# [What the task asks]
Make an exact copy of the records, with the pictures left out.

Stored records:
[Start of section]
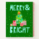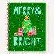 A bright Christmas tree adorned with colorful ornaments is surrounded by pink and red gifts just waiting to be opened. This design features the phrase "Merry & Bright." | Blanckslate | 141050D
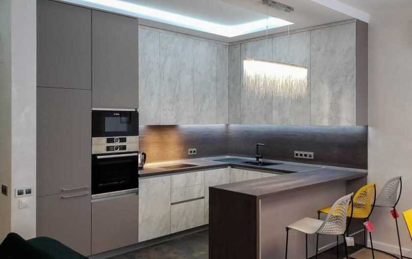 поскольку кухня – это одно из самых загрязняемых помещений в доме, стоит учесть это и при выборе отделочных материалов. Например, на белоснежных, как и на глянцевых черных панелях, будут видны все брызги
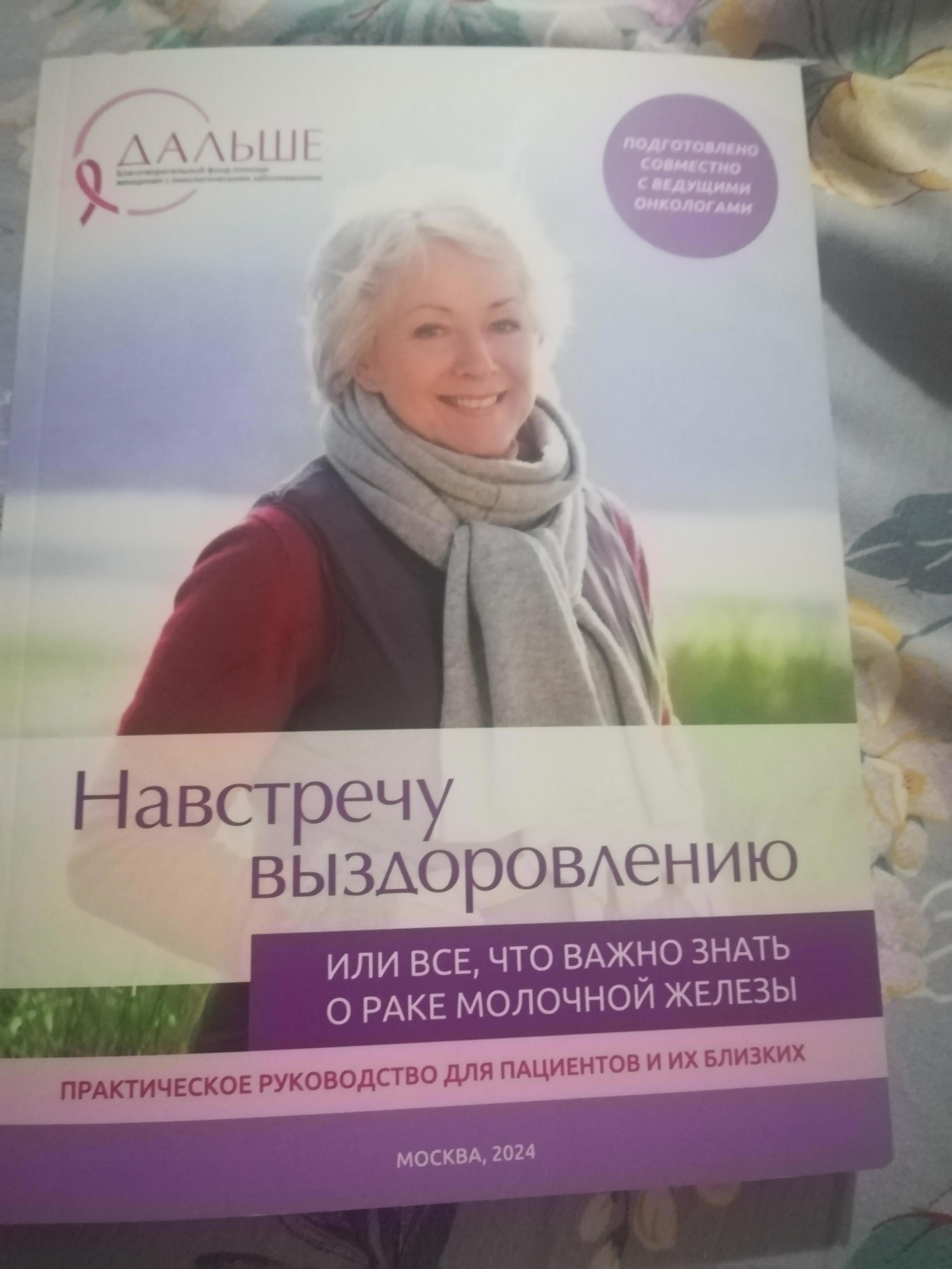 Пока она сидела у врача, попросила для нее книгу на ресепшене Практическое руководство для пациентов и близких "Навстречу выздоровлению или все, что важно знать о раке молочной железы". У меня тоже такая есть. Это проект благотворительного фонда "Дальше" вместе с Минздравом Московской области и ГБУЗ Московской области "Люберецкая областная больница" при поддержке Фонда президентских грантов. На vmesteplus.ru в Информационных материалах эта электронная книга есть в доступе. Только нужно зарегистрироваться на сайте.
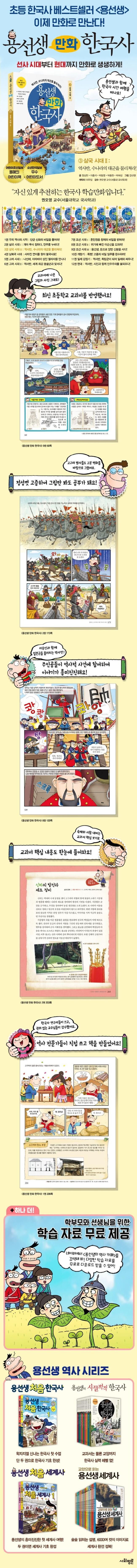 초등학교부터 한국사 교육이 강조되고 있는 요즘, 초등학생 자녀를 둔 학부모의 걱정은 이만저만 큰 것이 아니다. 어떤 책으로 한국사 공부를 시작해야 할지, 한국사 입문용으로 만화책을 읽혀도 될지, 믿을 수 있는 전문가가 쓴 책인지, 아이가 책을 읽다가 재미없다고 내팽개치지는 않을지……. 이런 고민을 해결하기 위해 용선생이 나섰다! 초등 한국사 부동의 1위! 100만 독자가 선택한 《용선생의 시끌벅적 한국사》의 전면개정판에 이어 한국사 학습 만화 《용선생 만화 한국사》가 출간됐다.
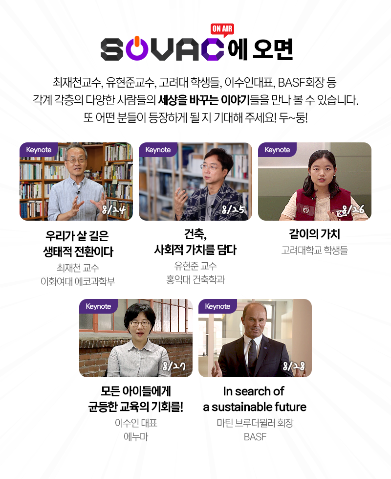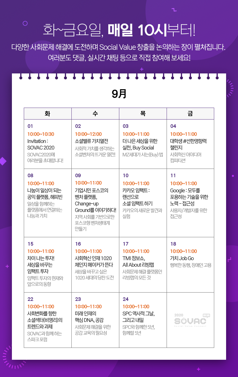이에 학회 여러분들께서는 SOVAC에 가입 후, 9월 매일 오전 10시부터 사회적 가치와 관련한 다양한 주제의 온라인 세션에 참가하실 수 있습니다.
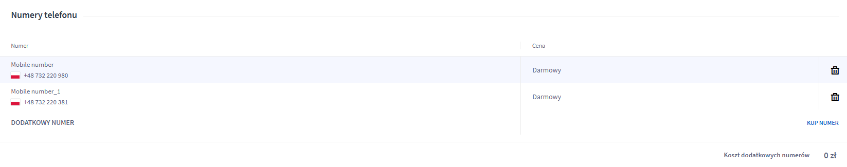 Lista kupionych numerów na twoim koncie i ich koszt. Tutaj możesz zrezygnować z zakupionego numeru klikając ikonę kosza.
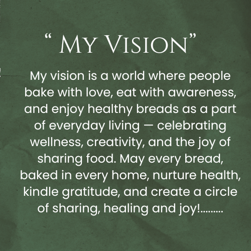 My vision is a world where people bake with love, eat with awareness, and enjoy healthy breads as a part of everyday living — celebrating wellness, creativity, and the joy of sharing food. May every bread, baked in every home, nurture health, kindle gratitude, and create a circle of sharing, healing and joy!………
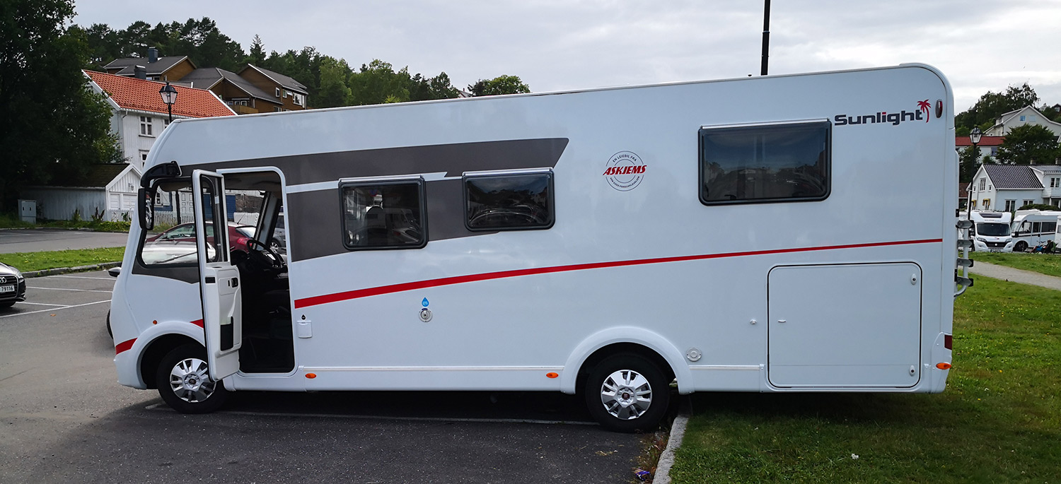The RV was a Sunlight I69, based on a 150 hk Fiat Ducato. Sitting inside it really pointed out how much this was like putting a motor on a camper. It’s quite large with a body that is 2,3m wide and 7.4m long (7.5 x 25 ft). The height is also a bit more than the 3m (10ft) it officially says, but I’ll get to that later. Despite the size, the Fiat Ducato is easy to handle and I got use to it fairly quickly. What took some time to get used to was all the noise. The whole thing feels flimsy? At every turn, the plastic walls will make creaking sounds and it really feels like a caravan with an engine (without any engine sound proofing). We had to blast the stereo at max volume to hear music if driving on a highway. This was really tiresome, so we saved the stereo for smaller roads where the cabin noise was lower.
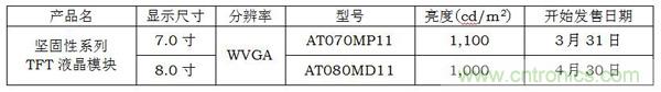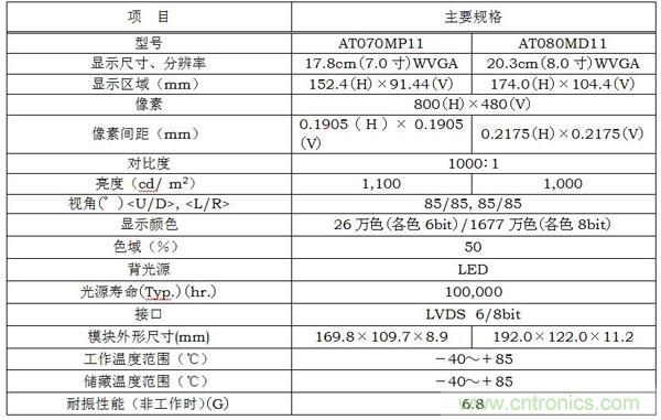 我公司此次推出的工業用彩色TFT液晶模塊堅固性係列新產品7.0寸・8.0寸WVGA TFT液晶模塊具有可承受加速度6.8G的超強耐振性能和-40℃~+85℃的寬廣工作溫度範圍,並以其水平/垂直各170°的(de)超(chao)寬(kuan)視(shi)角(jiao)確(que)保(bao)了(le)各(ge)個(ge)角(jiao)度(du)的(de)可(ke)視(shi)性(xing)。新(xin)產(chan)品(pin)的(de)推(tui)出(chu)進(jin)一(yi)步(bu)擴(kuo)充(chong)了(le)我(wo)公(gong)司(si)產(chan)品(pin)陣(zhen)容(rong),使(shi)得(de)顯(xian)示(shi)屏(ping)的(de)安(an)裝(zhuang)形(xing)式(shi)更(geng)加(jia)靈(ling)活(huo)多(duo)樣(yang),屏(ping)幕(mu)更(geng)加(jia)清(qing)晰(xi),適(shi)用(yong)於(yu)使(shi)用(yong)環(huan)境(jing)嚴(yan)酷(ku)的(de)工(gong)程(cheng)機(ji)械(xie)、農業機械以及工廠自動化設備等。
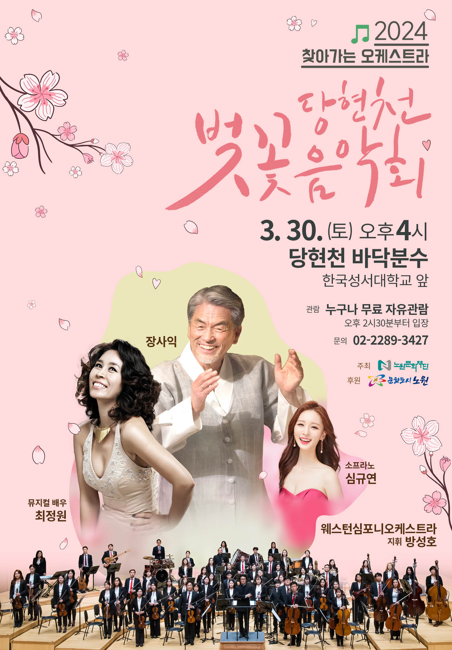 서울 노원구(구청장 오승록)가 오는 30일 토요일 오후 4시 「2024년 당현천 벚꽃음악회」를 개최한다고 밝혔다.
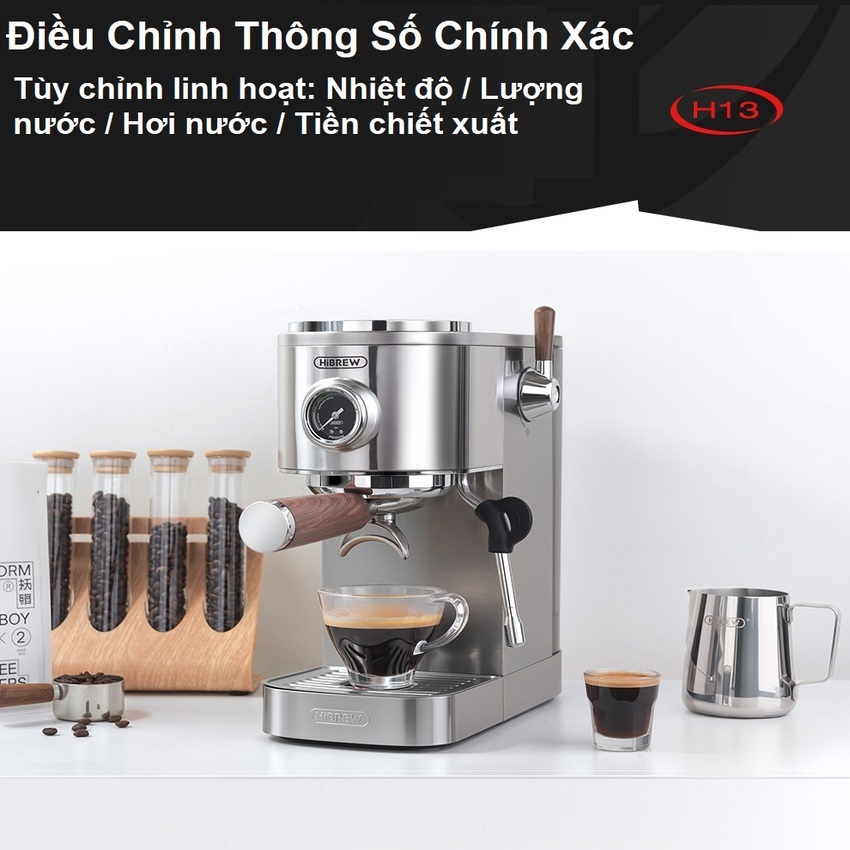 ✨Máy pha cà phê Cappuccino, Ristretto, Espresso, Latte chuyên nghiệp thương hiệu Mỹ cao cấp HiBREW H13 - Hàng nhập khẩu
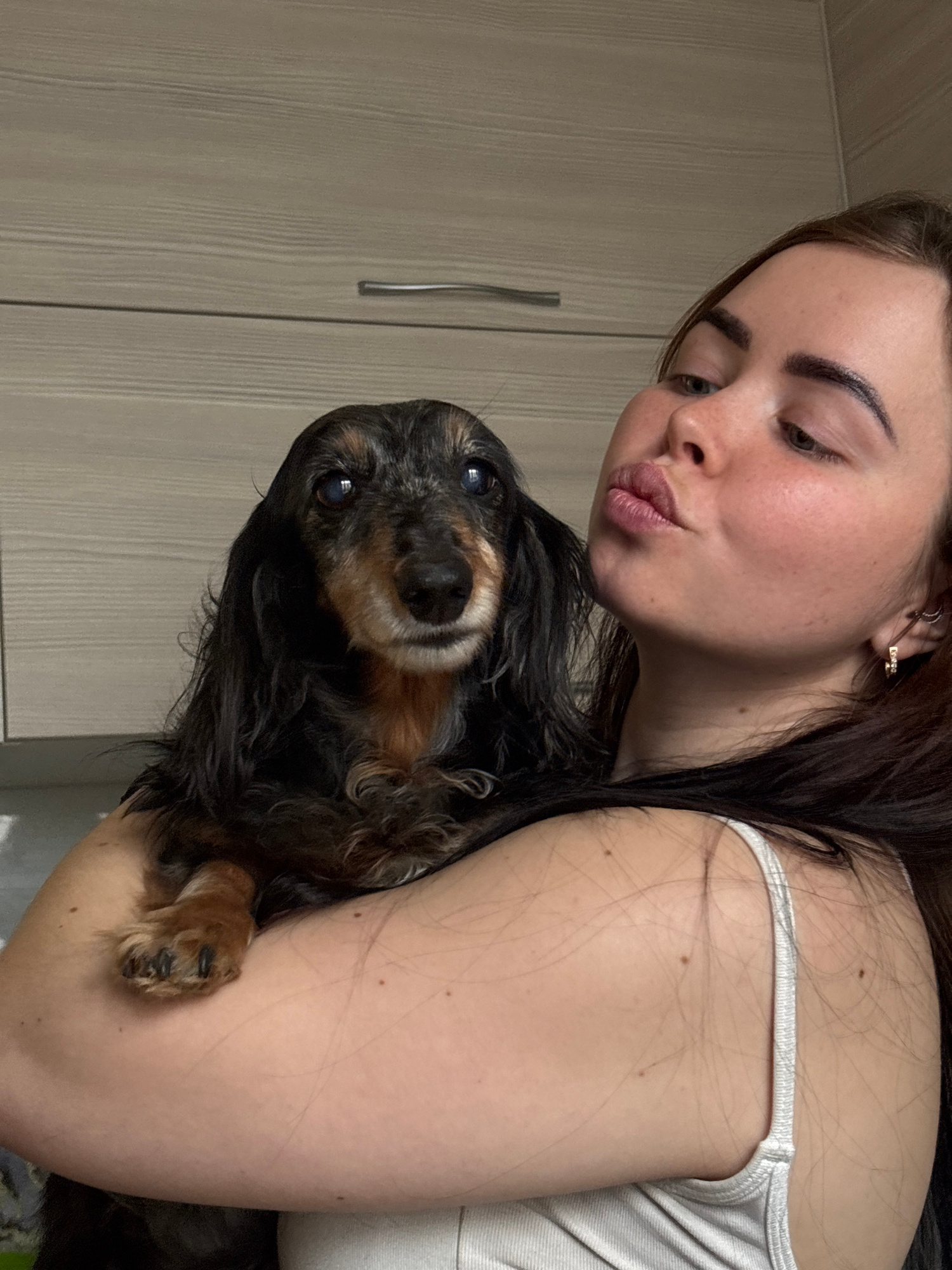 A person with long dark hair and fair skin is holding a black and brown dachshund dog. The person is wearing a white tank top and has an earring in their left ear. They are looking down with pursed li…read more
[End of section]
# [Task output]
 A bright Christmas tree adorned with colorful ornaments is surrounded by pink and red gifts just waiting to be opened. This design features the phrase "Merry & Bright." | Blanckslate | 141050D
 поскольку кухня – это одно из самых загрязняемых помещений в доме, стоит учесть это и при выборе отделочных материалов. Например, на белоснежных, как и на глянцевых черных панелях, будут видны все брызги
 Пока она сидела у врача, попросила для нее книгу на ресепшене Практическое руководство для пациентов и близких "Навстречу выздоровлению или все, что важно знать о раке молочной железы". У меня тоже такая есть. Это проект благотворительного фонда "Дальше" вместе с Минздравом Московской области и ГБУЗ Московской области "Люберецкая областная больница" при поддержке Фонда президентских грантов. На vmesteplus.ru в Информационных материалах эта электронная книга есть в доступе. Только нужно зарегистрироваться на сайте.
 초등학교부터 한국사 교육이 강조되고 있는 요즘, 초등학생 자녀를 둔 학부모의 걱정은 이만저만 큰 것이 아니다. 어떤 책으로 한국사 공부를 시작해야 할지, 한국사 입문용으로 만화책을 읽혀도 될지, 믿을 수 있는 전문가가 쓴 책인지, 아이가 책을 읽다가 재미없다고 내팽개치지는 않을지……. 이런 고민을 해결하기 위해 용선생이 나섰다! 초등 한국사 부동의 1위! 100만 독자가 선택한 《용선생의 시끌벅적 한국사》의 전면개정판에 이어 한국사 학습 만화 《용선생 만화 한국사》가 출간됐다.
이에 학회 여러분들께서는 SOVAC에 가입 후, 9월 매일 오전 10시부터 사회적 가치와 관련한 다양한 주제의 온라인 세션에 참가하실 수 있습니다.
 Lista kupionych numerów na twoim koncie i ich koszt. Tutaj możesz zrezygnować z zakupionego numeru klikając ikonę kosza.
 My vision is a world where people bake with love, eat with awareness, and enjoy healthy breads as a part of everyday living — celebrating wellness, creativity, and the joy of sharing food. May every bread, baked in every home, nurture health, kindle gratitude, and create a circle of sharing, healing and joy!………
The RV was a Sunlight I69, based on a 150 hk Fiat Ducato. Sitting inside it really pointed out how much this was like putting a motor on a camper. It’s quite large with a body that is 2,3m wide and 7.4m long (7.5 x 25 ft). The height is also a bit more than the 3m (10ft) it officially says, but I’ll get to that later. Despite the size, the Fiat Ducato is easy to handle and I got use to it fairly quickly. What took some time to get used to was all the noise. The whole thing feels flimsy? At every turn, the plastic walls will make creaking sounds and it really feels like a caravan with an engine (without any engine sound proofing). We had to blast the stereo at max volume to hear music if driving on a highway. This was really tiresome, so we saved the stereo for smaller roads where the cabin noise was lower.
 我公司此次推出的工業用彩色TFT液晶模塊堅固性係列新產品7.0寸・8.0寸WVGA TFT液晶模塊具有可承受加速度6.8G的超強耐振性能和-40℃~+85℃的寬廣工作溫度範圍,並以其水平/垂直各170°的(de)超(chao)寬(kuan)視(shi)角(jiao)確(que)保(bao)了(le)各(ge)個(ge)角(jiao)度(du)的(de)可(ke)視(shi)性(xing)。新(xin)產(chan)品(pin)的(de)推(tui)出(chu)進(jin)一(yi)步(bu)擴(kuo)充(chong)了(le)我(wo)公(gong)司(si)產(chan)品(pin)陣(zhen)容(rong),使(shi)得(de)顯(xian)示(shi)屏(ping)的(de)安(an)裝(zhuang)形(xing)式(shi)更(geng)加(jia)靈(ling)活(huo)多(duo)樣(yang),屏(ping)幕(mu)更(geng)加(jia)清(qing)晰(xi),適(shi)用(yong)於(yu)使(shi)用(yong)環(huan)境(jing)嚴(yan)酷(ku)的(de)工(gong)程(cheng)機(ji)械(xie)、農業機械以及工廠自動化設備等。
 서울 노원구(구청장 오승록)가 오는 30일 토요일 오후 4시 「2024년 당현천 벚꽃음악회」를 개최한다고 밝혔다.
 ✨Máy pha cà phê Cappuccino, Ristretto, Espresso, Latte chuyên nghiệp thương hiệu Mỹ cao cấp HiBREW H13 - Hàng nhập khẩu
 A person with long dark hair and fair skin is holding a black and brown dachshund dog. The person is wearing a white tank top and has an earring in their left ear. They are looking down with pursed li…read more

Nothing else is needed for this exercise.